Illumina said investors who hold its shares on Feb. 6 will be granted one preferred stock purchase right as a dividend for each common share, though the right will only be valid if an investor buys 15% of the company. The move is meant to make an acquisition more expensive by handing out new shares in the target.
Analysts expect Roche will sweeten its $44.50 per share offer and eventually strike an agreed deal. "It's part of the usual shenanigans you have in a hostile takeover. Everyone throws their lawyers at each other," Vontobel Research analyst Andrew Weiss said. "Eventually they'll find amicable terms."
Roche unveiled its unexpected bid Wednesday after it said Illumina executives resisted its advances. San Diego-based Illumina makes machines that use blood or tissue samples to identify a person's genetic makeup, a procedure known as gene sequencing.
The drug giant wants to integrate Illumina into its own genetic analysis division to broaden its offering of personalized cancer therapies. Defining a tumor's DNA can lead to more effective treatment.
Although suitors such as Germany's Siemens AG or General Electric Co. could enter the bidding, analysts believe they would have trouble keeping up with Roche because the Big Pharma company can squeeze the most value out of the acquisition by offering both analysis and treatment.
"The Illumina board has taken this action to ensure that our stockholders receive fair treatment and protection in connection with any proposal or offer to acquire the company, including the proposal announced by Roche, and to provide stockholders with adequate time to properly assess any such proposal," Illumina CEO Jay Flatley said in a statement.

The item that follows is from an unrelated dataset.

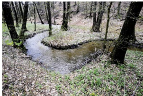
Meander horného toku Vydrice.

In addition to the approach, Roche has said it will also propose its own appointments to Illumina's board at the next shareholders' meeting in an attempt to gain a majority. No date has yet been set for the meeting.
But Illumina's charter and bylaws have anticipated such a move, stipulating staggered board elections that allow only a portion of the board to be replaced at each shareholders' meeting. Roche likely will also ask shareholders to amend the plans to remove the staggered board, though such a move would require two-thirds approval.
Analysts have said Illumina's 52-week high of $79.40 per share suggests the company is worth more than the current offer and investors Wednesday pushed the stock up 46%, to $55.15. The shares weakened a bit on Thursday, falling 2%, or $1.11, to $54.04 in morning trade.
Roche was off Sfr0.60 at Sfr159.40 ($173.90) in afternoon Zurich trade.
Roche has prevailed in several past hostile takeover bids. In 2008 it won over shareholders of Tucson, Ariz., tissue analysis company Ventana Medical Systems Inc. by sweetening an unwanted $3 billion bid to $3.4 billion.
That same year it convinced minority shareholders of San Francisco's Genentech Inc. to hand over the 44% stake it didn't already own by sweetening its bid to $46.8 billion from an initial $43.7 billion.
Greenhill & Co. and Citigroup Inc. are providing financial advice to Roche in its pursuit of Illumina, while a Davis Polk & Wardwell LLP team led by Arthur F. Golden and Marc O. Williams and including Brian Wolfe, Christina Henderson and Sabrina L. Ursaner is serving as legal counsel.
Goldman, Sachs & Co. and Bank of America Merrill Lynch are Illumina's financial advisers. Dewey & LeBoeuf LLP is the company's legal counsel with a team led by partners Rick Climan, Keith Flaum and Frederick Kanner, of counsel.